Shaped by evolution over millennia, host immune cells have developed a hierarchy of homeostatic mechanisms to ensure mucosal immune compartmentation and maintain systemic ignorance to commensal bacteria, including a layer of immunoglobulin (Ig) A- and antimicrobial peptide-containing mucus, a physical epithelial barrier, and innate and adaptive immune components. These non-redundant immune mechanisms coordinate to allow an abundant and diverse microbiota to thrive, and at the same time, to limit microbiota-driven inflammation. Understanding of the host–microbiota interactions during both steady-state homeostasis and pathological intestinal inflammation may help to direct therapeutic approaches to IBD as well as to a broad range of immune-mediated inflammatory disorders in humans.

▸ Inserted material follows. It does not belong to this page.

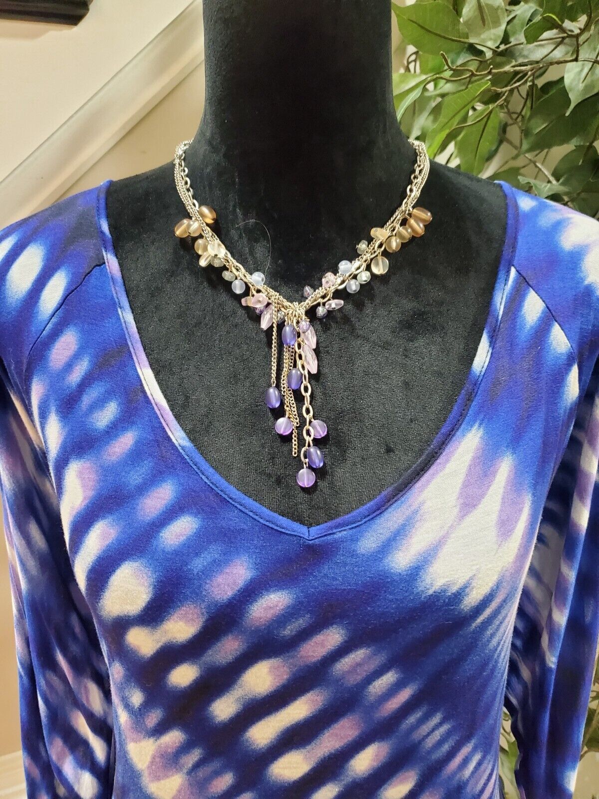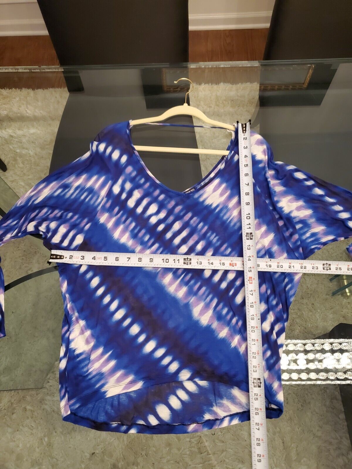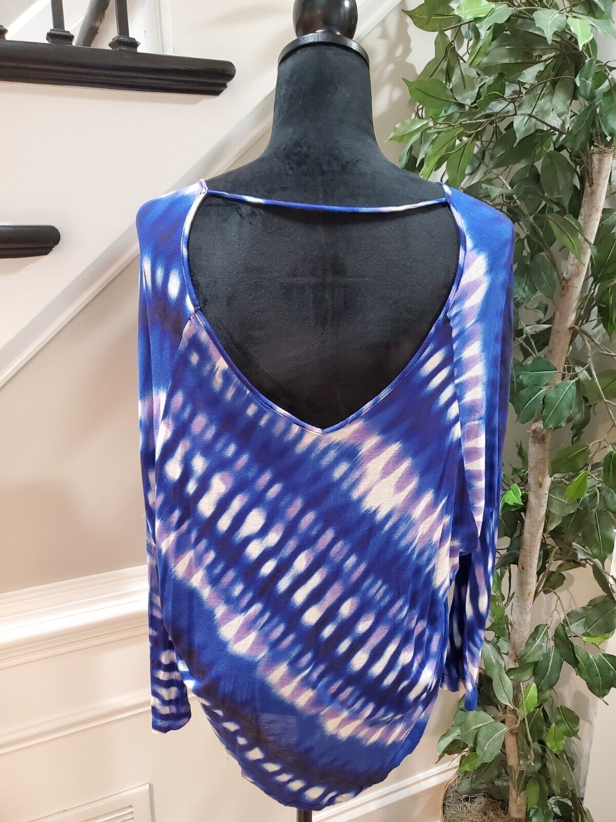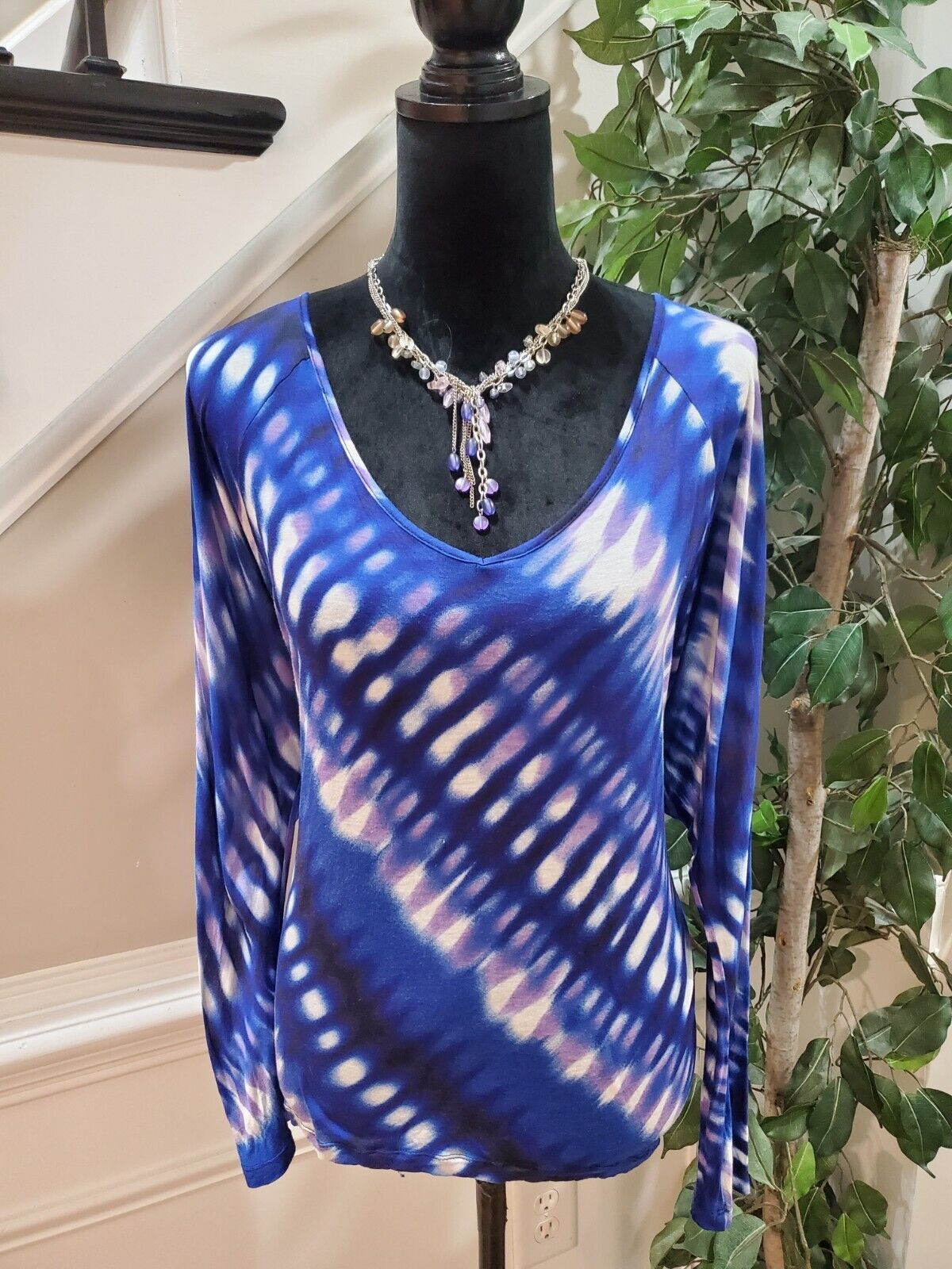 Express Women's Multi Tie Dye 100% Modal V Neck Long Sleeve Top Blouse Medium.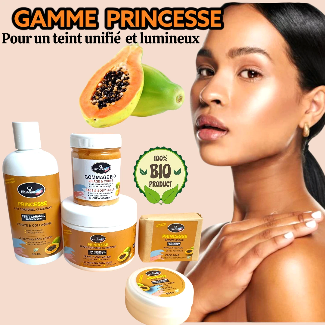 La gamme naturelle clarifiante teint Caramel PRINCESSE avec Collagène et Papaye offre un soin luxueux pour un teint éclatant et uniformément caramel. Enrichie en collagène pour une peau plus ferme et élastique, et en papaye pour ses propriétés exfoliantes et hydratantes, cette gamme révèle une peau radieuse et revitalisée. Parfait pour un teint naturel et lumineux, tout en nourrissant et protégeant la peau. Cette gamme viendra parfaire la brillance de votre teint. Résultats visibles à partir de 10 jours d’utilisation.

In this review, we will discuss findings interpreting how the intestinal immune system, especially the adaptive immune component, helps accommodate the rich and diverse resident microbiota, and in turn how the microbiota shapes intestinal immune responses to achieve mutualism. First, we will discuss the tight compartmentation of mucosal innate and adaptive immune responses, formed mainly by intestinal IgA reactive to microbial antigens, resulting in immune exclusion of the commensal microbiota antigens and systemic immune “ignorance”. We will also highlight recent advances in understanding the influences of regulatory T (Treg) cells and effector T cells in the context of immune homeostasis and dysregulation, and feedback of the microbiota to intestinal T-cell regulation.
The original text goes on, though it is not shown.